Steps to starting therapy

  1. Screening Form: Start by filling out our brief form. It's designed to gauge our compatibility and see if we can embark on a successful therapeutic journey together.

  2. Schedule Your Consultation: Within 2-3 business days after your screening, we'll send you a link to book a complimentary consultation at your convenience.

  3. Phone Consultation: Engage in a phone consultation to discuss your needs and expectations, ensuring we're the right fit for your therapy goals. If we are not aligned; Quality referrals will be provided for providers better suited to your needs.

  4. Intake: If we're aligned, we will discuss scheduling and you will receive a digital intake packet to complete.
    4a. Submit insurance information at least 4 days before the appointment for timely eligibility verification.
    4b. Complete intake packet in its entirety (including relevant assessment measures) by 9am on the day of the appointment.

STAGES OF COMPLEX TRAUMA RECOVERY

Based on Judith Herman’s Model

Recovery is not linear. Your journey will likely not follow a straight line, but instead might be circular moving in and out of stages until you feel you are ready to move forward and reconnect with your goals and dreams.

STAGE 1

Education, Stabilization & Safety

Education
Education helps normalize doubts. Your nervous system and brain are responding exactly the way it was designed to respond after having survived repeated traumatic experiences.

Two Sets of Goals
Goals that are typically worked on in this stage with the help of a counselor, caseworker, or other helping professional are:

Basic Health Needs

Regulation of sleep, Eating, Exercise, Drugs & Alcohol, Destructive Behavior.

Basic Environment Needs

Physical Self Protection, Work & Money, Secure Living Situation

Tasks

Therapeutic Task: Safety

Time Orientation: Present

Focus: Self-Care

Time Limit: Limited, Repeating

Boundaries: Flexible, Inclusive Conflict

Tolerance: Low

STAGE 2

Processing - Remembering & Mourning

Memories
Inner healing practitioner or counselor work on going through all the traumatic memories and taking the incoherent pieces and working it into a more coherent whole.
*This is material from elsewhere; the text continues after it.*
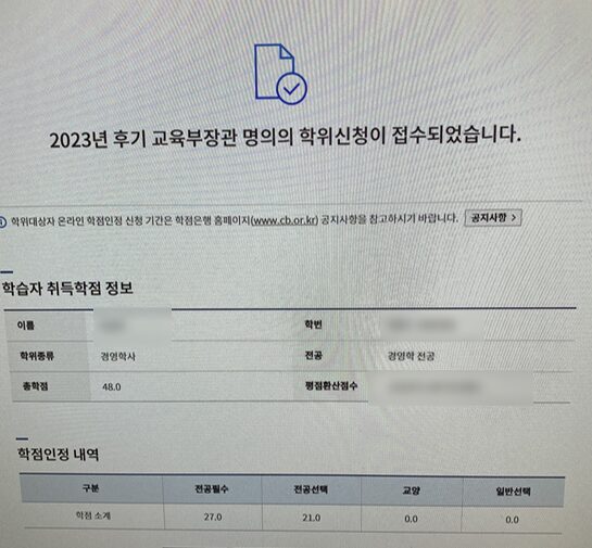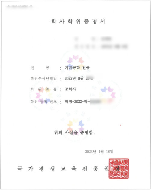 : 106학점 이수 후 4년제 학사학위 취득으로 학력 개선 가능

Cognitive Based Approaches
Cognitive based approaches associated with Somatic are best to release bod memories and make it less triggering.

  • Uncovering proceeds in small steps

  • Memories evoke intense grief

  • Goal is integration, not catharsis

Memories of several representative traumatic events and periods are processed but not every single memory as the emotional content is often the same.

Tasks

Therapeutic Task: Integration

Time Orientation: Past

Focus: Trauma

Time Limit: Limited, Fixed Limit

Boundaries: Closed Conflict

Tolerance: Low

STAGE 3

Meaning & Reconnection

Meaning
This stage is where inner healing is especially helpful in identifying faulty coping mechanisms and lies that were believed and dealing with existential questions like:

• “Why did God allow this to happen to me?”

• “Why am I here?”

• And “What does it all mean for me?”

Reconnection

  • Expanded Peer relationships

  • Intimate relationships

  • Family relationships

  • Reintegration at successive stages

  • Social action and survivor mission

Tasks

Therapeutic Task: Reconnection

Time Orientation: Present & Future

Focus: Interpersonal

Time Limit: Ongoing

Boundaries: Slow Turnover

Tolerance: High

Duration & Continuity

Each of these stages can last months to years depending on the severity, duration, and age of onset of the trauma. The stages also may not follow one another directly, with breaks taken between the stages and sometimes relapses occur to previous stages of recovery.
People may be done with recovery after stage one or after stage two based on personal comfort level and goals.

Support after trauma is critical for recovery

"Recovery can take place only within the context of relationships; it cannot occur in isolation. In her renewed connection with other people, the survivor re-creates the psychological facilities that were damaged or deformed by the traumatic experience. The first principal of recovery.” - Judith Herman

Have authority over traumatic memories, be able to control traumatic symptoms and have a coherent system of meaning and belief that integrates the trauma.

Reference: Herman J.L. Trauma and Recovery. 1st ed. Basic Books; New York, NY, USA: 2015.